357 A.2d 255, 24 Pa. Commw. 493, 1976 Pa. Commw. LEXIS 1017
CourtCommonwealth Court of Pennsylvania
DecidedMay 17, 1976
DocketAppeal, No. 1279 C.D. 1975
StatusPublished
Cited by5 cases

This text of 357 A.2d 255 (Commonwealth v. Steward) is published on Counsel Stack Legal Research, covering Commonwealth Court of Pennsylvania primary law. Counsel Stack provides free access to over 12 million legal documents including statutes, case law, regulations, and constitutions.

Bluebook
Commonwealth v. Steward, 357 A.2d 255, 24 Pa. Commw. 493, 1976 Pa. Commw. LEXIS 1017 (Pa. Ct.
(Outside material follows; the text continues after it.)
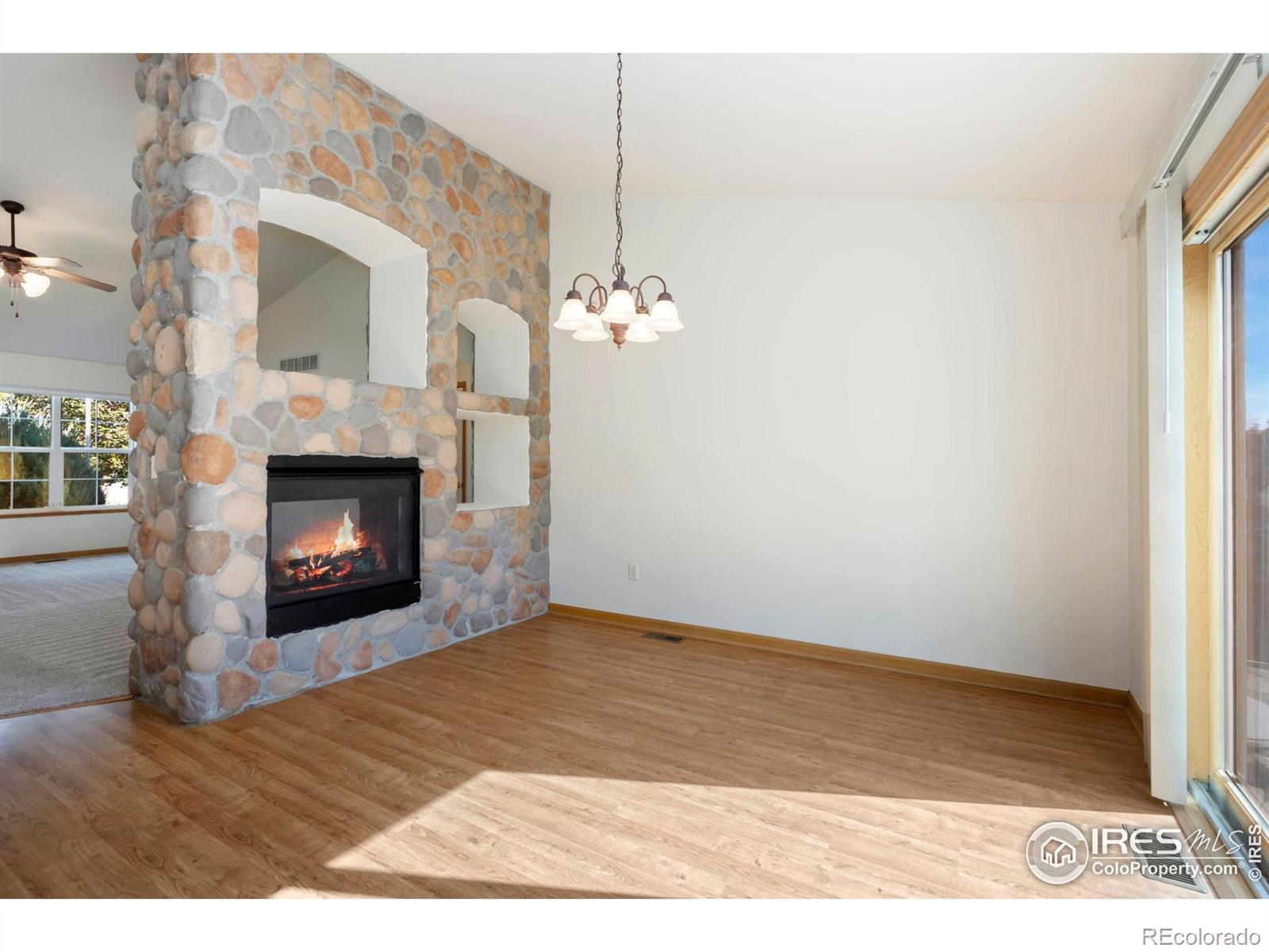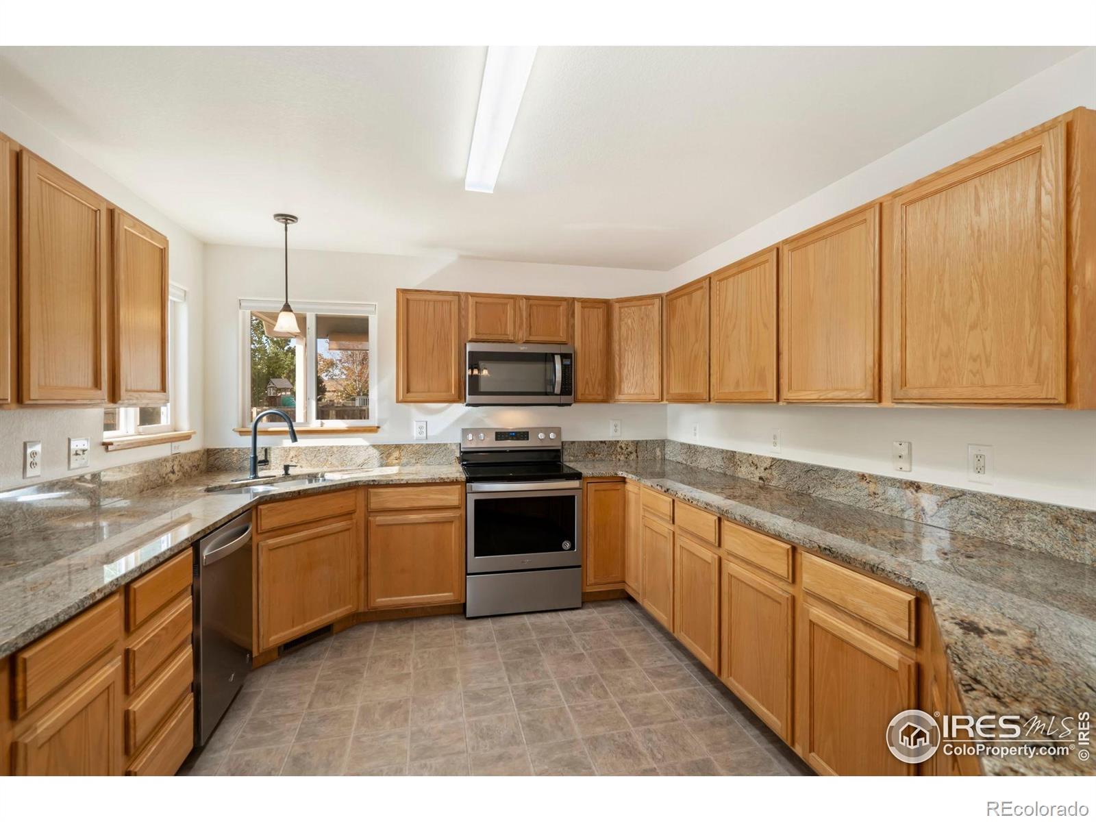 Welcome to 4234 Onyx Pl! This well-kept ranch-style home offers a bright, open layout and comfortable main-level living. The spacious living room features a stunning floor-to-ceiling stone fireplace along with new carpet and window coverings. The open concept flows into the dining area and kitchen, which includes sleek countertops, clean finishes, newer appliances, and an impressive amount of storage. All three bedrooms are conveniently located on the main level, along with the laundry area. The primary suite features a five-piece en-suite bathroom and walk-in closet, while two additional bedrooms share a full bath. The basement provides great versatility with approximately 70% unfinished space for storage or future expansion, plus a large finished flex room and 3/4 bathroom-ideal for guests, a home office, or a gym. Outside, the fully fenced backyard is beautifully maintained and includes a patio perfect for outdoor entertaining. Additional upgrades include a new roof and new HVAC equipment for peace of mind and long-term value. A two-car attached garage adds extra storage and convenience. This inviting Johnstown home blends comfort, functionality, and opportunity all in one.

App. 1976).

Opinion

Opinion by

Judge Crumlish, Jr.,

This is an appeal from an adjudication and order of the Environmental Hearing Board (EHB), which sustained the issuance to the Commissioners of Lycoming County (Intervening Appellee) by the Department of Environmental Resources (DER) of a permit to construct and operate a sanitary landfill on the Allenwood Prison Camp in Brady Township, Lycoming County. We affirm.

Elizabeth Steward (Appellant) frames four issues for our resolution:

1. Was the permit issued in contravention of existing statutory authority, in that DER officials are required to comply with the Act of July 19, 1974, P.L. 486, 65 P.S. §261 et seq., colloquially, the Sunshine Law?

2. Was there a valid waiver of the requirements found in Regulation Sections 75.84 and 75.1131?

3. Did DER deny Appellant procedural due process in reviewing the application for the issuance of a permit?

4. Did DER act arbitrarily and capriciously in issuing a permit for a polyvinyl chloride (PVC) membrane-lined landfill?

[496]*496Initially, Appellant argues that the issuance of a permit by the Division of Solid Waste Management is in the nature of a deliberation2 as contemplated by the Sunshine Law. Since it is admitted no public notice was given, she contends the permit is invalid.3 Further, she argues EHB, when confronted with these facts, erred when it dismissed her contention on the ground of lack of jurisdiction. We disagree.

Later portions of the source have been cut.